Plastic recycling is immensely important. Plastic products have extremely long lives – taking hundreds of years to biodegrade if allowed to pollute our environment. It is vitally important that plastic is not seen as a single-use material. Plastic is a synthetic material made using fossil fuels, so it damages the environment in more ways than just by lying around. Plastic recycling plants are part of the solution. Here are the stages that plastic goes through in a plant when it is recycled.
Sorting
Plastic entering a recycling plant needs to be correctly sorted. Plastic is usually sorted according to its resin content. In order to be effectively made into recycled products, a uniform resin content needs to be present in all of the constituent plastic. The technology used to sort plastics by resin content is changing. AI is being developed that can automatically sort plastic at recycling plants instead of manual pickers being used.
Compacting
Once the plastic has been sorted, it usually gets compacted into bales. These are made by powerful recycling balers, which use hydraulic rams to force plastics into cubes. Bales are far more efficient and safe to store and transport than loose materials. The fact that bales are made to a standard size means that all other machines in a recycling plant can be made to accommodate them.
Washing
The plastic is then washed to remove any non-plastic waste such as labels or food. Any non-plastic waste that is accidentally left behind after this stage can worsen the structural integrity of recycled products.
Resizing
The plastic is separated from the bale used to transport or store it and shredded into fine particles. Shredding increases the total surface area of the plastic, which makes it much easier to process.
Classification
The shredded plastic is then carefully tested for its density. This helps workers determine what the materials can be recycled into. Certain products need high-density plastic source material. The initial sorting process should have been sufficient for grouping plastics by density, but a final classification check before melting is definitely needed.
Melting
The plastic – now finely shredded, cleaned, and classified – is melted down in a furnace that then deposits liquid plastic into a hopper or container. This melted plastic can either be made into new products on-site or processed into granular pellets that can be sold to manufacturing companies.
Pellet Manufacture
If the plastic is destined for manufacturing off-site, it needs to be made into pellets – which are the standard medium in which plastic is bought by manufacturers. The tiny pellets – adorably known as nurdles officially – are made by smashing together tiny particles.

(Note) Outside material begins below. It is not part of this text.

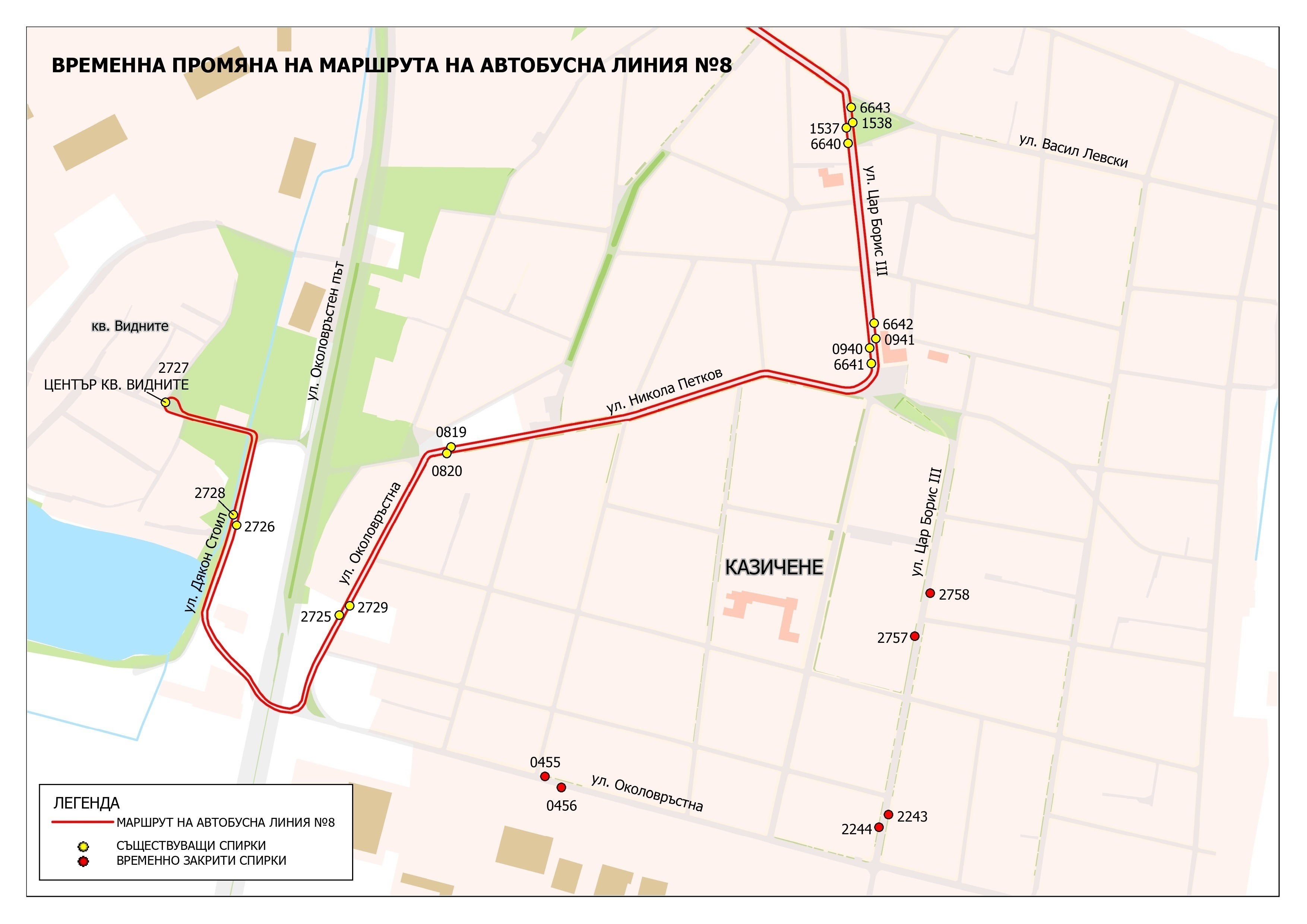 Считано от 06:00 ч. на 19.09.2025 г. до 12:00 ч. на 22.09.2025 г. се променя частично маршрута на автобусна линия № 8 както следва:

Nurdles are extremely efficient because they can be melted down by manufacturers very easily and tested without too much destructive sampling. Nurdles need to be carefully contained. If they are allowed to enter the environment, they can last for many years and become almost impossible to collect and remove from fragile ecosystems. Charities like The Great Nurdle Hunt in the United Kingdom have been highlighting this issue for years.